En primer lugar, lo que estos días pasa en Francia o que durante todo el 2019 ha ido sucediendo por todas partes ( Reino Unido, Chile, Turquía, Hong Kong…) guarda relación directa con el malestar que se vive en Catalunya. Porque aunque ciertamente, y errores catalanes aparte, el detonante de la crisis institucional y social catalana fue la sentencia del Tribunal Constitucional en contra del Estatut y el inmovilismo y la insensibilidad del presidente Rajoy ante las demandas catalanistas, la razón de fondo que explica la indignación de amplios sectores sociales, y especialmente el enfado de la gente de comarcas, es la constatación de que vivimos unos tiempos de capitalismo desbocado, donde los ricos cada vez son más ricos y donde las clases medias cada vez son más frágiles. Una época, además, en que la revolución digital ha concentrado ­cada vez más poder en menos personas, que a su vez residen en unas muy determinadas ciudades. Y es que así como la ciudadanía tiene la percepción de que su vida se precariza, este deterioro de la cohesión también ha tenido repercusiones en la geografía, donde las grandes ciudades, en este caso Barcelona, descapitalizan de talento las comarcas, progresivamente pauperizadas e incapaces de ofrecer oportunidades y estímulos a sus jóvenes.
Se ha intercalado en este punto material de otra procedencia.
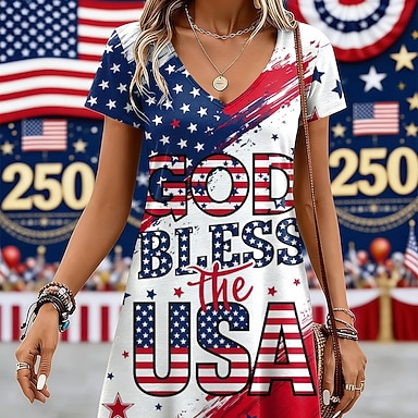 Jour de l'Indépendance Américaine Femmes Mini Robe Robe T-Shirt Robe trapèze Robe d'été Occasionnel Quotidien Coupe régulière Fleuri Graphique Manche Courte Col Rond bleu marine Été Printemps
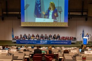 IOM Director General Amy Pope delivers remarks as representatives from Member States attend the...

Pero el futuro no está escrito y todos los elementos que invitan al pesimismo pueden tener, también, su dimensión de oportunidad. Salir de esta espiral autodestructiva reclama persistir en las cosas que hemos hecho bien (tener claro que más allá del Estado hay vida, que la iniciativa individual y social puede ser igualmente virtuosa para el bien común que la de la administración, que la economía de mercado, la globalización y la superación de los nacionalismos nos hacen mejor sociedad y mejores personas) y dejar atrás las tentaciones po­pulistas y tronadas que nos pueden hacer daño. Así, pienso que la derecha se equivoca si se empeña en aguantar y no hacer nada, convencida de que resistir es ganar. La izquierda, por su parte, también fallará si se acomoda en una agenda papanatas sobre cuestiones de género o del cambio climático que, no por importantes, no dejan de ser evasivas de los verdaderos problemas de fondo, que no son otros que la recuperación de la confianza ciudadana en las instituciones y el retorno de la economía a la gente.

 

En estas circunstancias, una sociedad abierta, liberal y emprendedora como la catalana puede tener ases en la manga. Si, como hemos visto estos días en el Parlament, en cambio, que las reformas que se emprenden son más burocracia y administración, más nacionalización de servicios y más impuestos para los profesionales liberales, estaremos jugando nuestras peores cartas. ¡Y después refunfuñaremos porque Madrid nos gana la mano!